Collected data entries
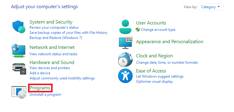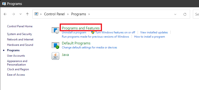 3.Ahora, abre elProgramas y característicassección.
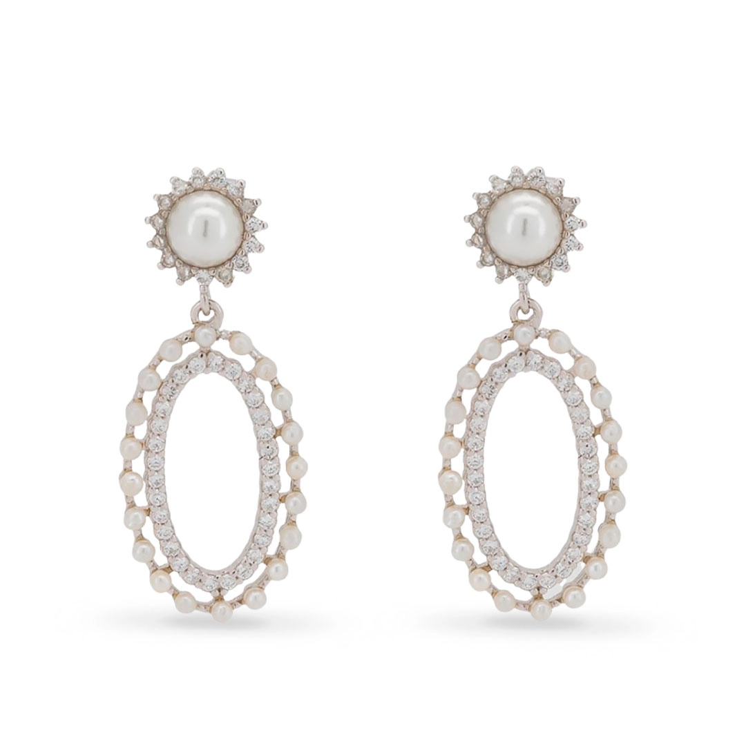 Brinco balanço com micro pérolas sintetizadas e zircônias cristal.
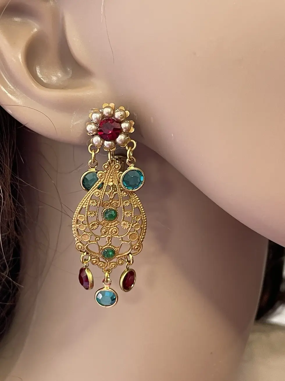 Vintage Miriam Haskell Emerald Green Siam Red Gold Gilt Clip On Earrings
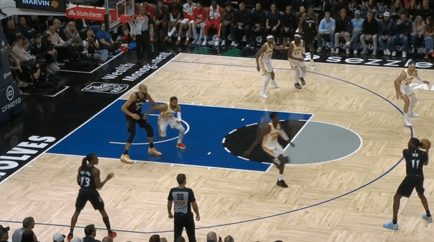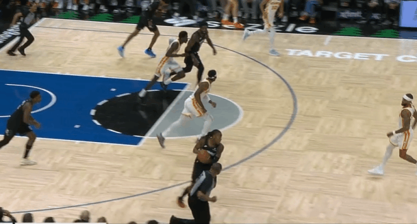 P2多森姆持球推动反击,中线起速快速推进行进间面对退防的沃克:右手大力炸球后立即撩起手臂合球向左路起步——造犯规+攻击防守人前侧脚——直杀篮下,沃克忌惮被制造犯规只好躲开,多森姆轻松上篮打进。
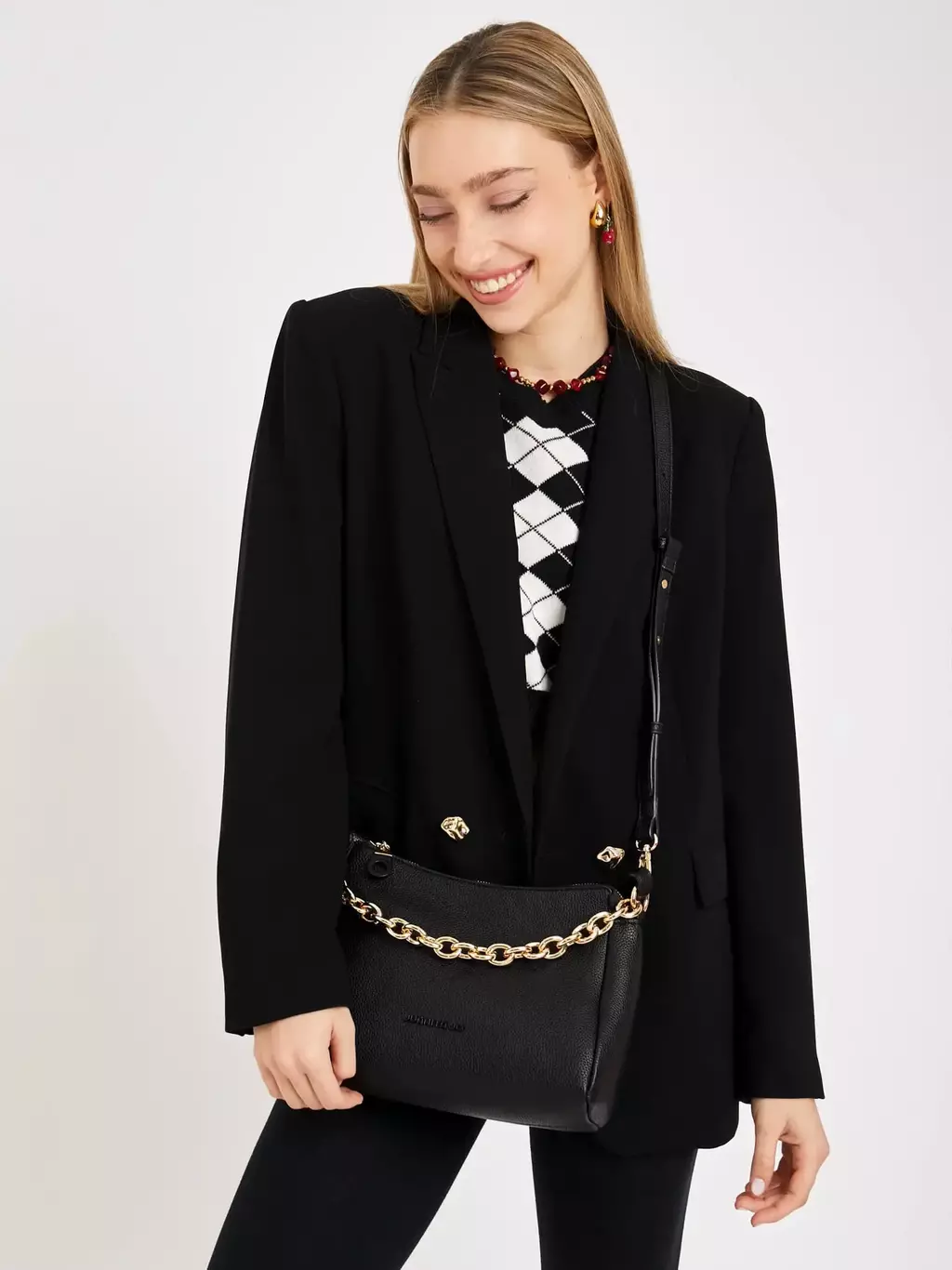 Esta cartera azul mezcla versatilidad y estilo en un diseño moderno. Sus asas dobles son cómodas para llevar al hombro, mientras que la correa regulable y desmontable la convierte en bandolera cuando lo necesitás. También viene con cadena metálica que podés usar como accesorio o también como correa corta.
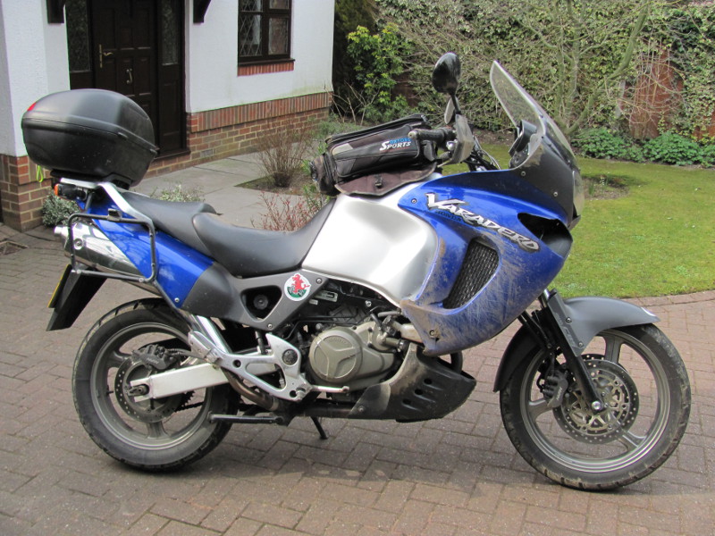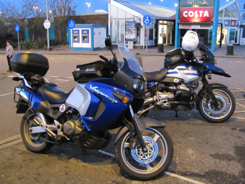 We've got a fairly straightforward run in to the finish at Langport. Up the A38 and M5 taking in one more way point at Chudleigh. This is just as well as poor old Grim is looking fairly rough by now. We stop at Exeter services so that Grim can change his sun visor for one he can see through with dusk approaching. The photo shows the old Vara there looking her finest with Grim's GS just behind it. Unfortunately she didn't stay like that for long.
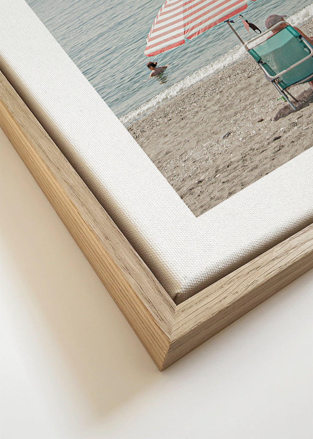 Si seleccionas la opción passepartout, añadiremos el recuadro de cartón blanco al marco, y reduciremos el diseño de la obra. Por ejemplo, si seleccionas una lámina de tamaño 50x70, con marco de color roble y passepartout, reduciremos el diseño de la lámina al tamaño anterior (40x50cm). De esta manera, se adaptará perfectamente a la ventana interior del passepartout.
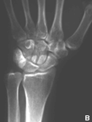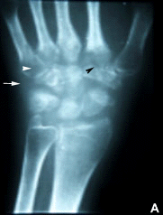 | Aumento de la densidad de partes blandas (flecha), osteopenia yuxta-articular (Cabeza de flecha blanca), erosiones en los primeros metacarpianos y huesos del carpo (cabeza de flecha negra). | Estudio normal |
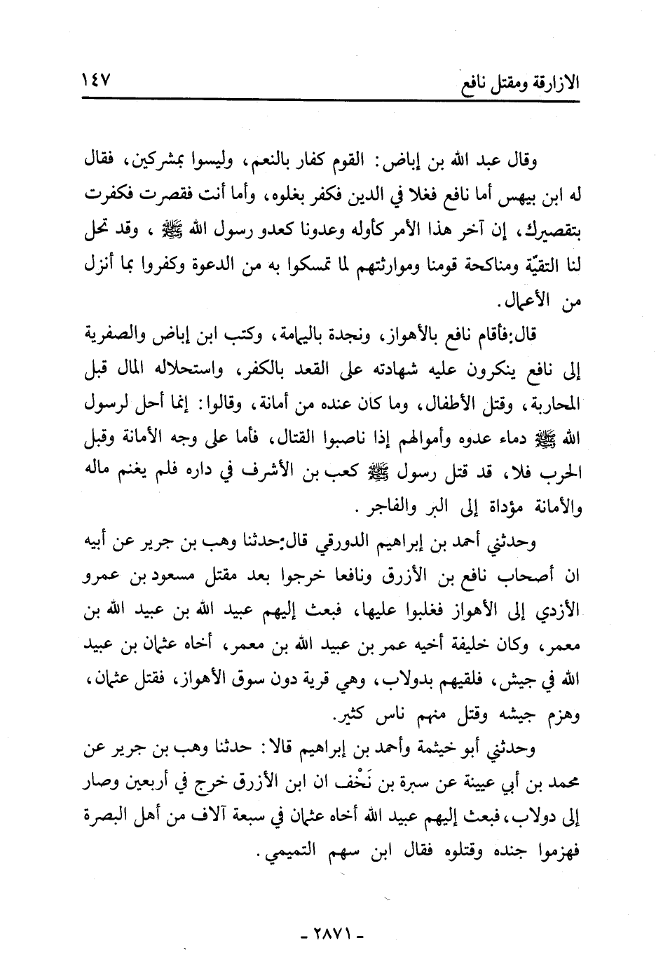 وَحَدَّثَنِي أَبُو خَيْثَمَةَ وَأَحْمَدُ بْنُ إِبْرَاهِيمَ قَالا: حَدَّثَنَا وهب بْن جَرِير عَنْ مُحَمَّد بْن أَبِي عيينة عَن سبرة بْن نخف أن ابْن الأزرق خرج فِي أربعين وصار إِلَى دولاب، فبعث إليهم عبيد اللَّه أخاه عثمان فِي سبعة آلاف من أَهْل البصرة فهزموا جنده وقتلوه فَقَالَ ابْن سهم التميمي.

## WORK INSTRUCTIONS:
Would you restate, exactly and with no pictures, the lines of the entries above from the one containing "Brinco balanço com" through the one containing "Estudio normal |"?

## THE ANSWER:
 Brinco balanço com micro pérolas sintetizadas e zircônias cristal.
 Vintage Miriam Haskell Emerald Green Siam Red Gold Gilt Clip On Earrings
 P2多森姆持球推动反击,中线起速快速推进行进间面对退防的沃克:右手大力炸球后立即撩起手臂合球向左路起步——造犯规+攻击防守人前侧脚——直杀篮下,沃克忌惮被制造犯规只好躲开,多森姆轻松上篮打进。
 Esta cartera azul mezcla versatilidad y estilo en un diseño moderno. Sus asas dobles son cómodas para llevar al hombro, mientras que la correa regulable y desmontable la convierte en bandolera cuando lo necesitás. También viene con cadena metálica que podés usar como accesorio o también como correa corta.
 We've got a fairly straightforward run in to the finish at Langport. Up the A38 and M5 taking in one more way point at Chudleigh. This is just as well as poor old Grim is looking fairly rough by now. We stop at Exeter services so that Grim can change his sun visor for one he can see through with dusk approaching. The photo shows the old Vara there looking her finest with Grim's GS just behind it. Unfortunately she didn't stay like that for long.
 Si seleccionas la opción passepartout, añadiremos el recuadro de cartón blanco al marco, y reduciremos el diseño de la obra. Por ejemplo, si seleccionas una lámina de tamaño 50x70, con marco de color roble y passepartout, reduciremos el diseño de la lámina al tamaño anterior (40x50cm). De esta manera, se adaptará perfectamente a la ventana interior del passepartout.
 | Aumento de la densidad de partes blandas (flecha), osteopenia yuxta-articular (Cabeza de flecha blanca), erosiones en los primeros metacarpianos y huesos del carpo (cabeza de flecha negra). | Estudio normal |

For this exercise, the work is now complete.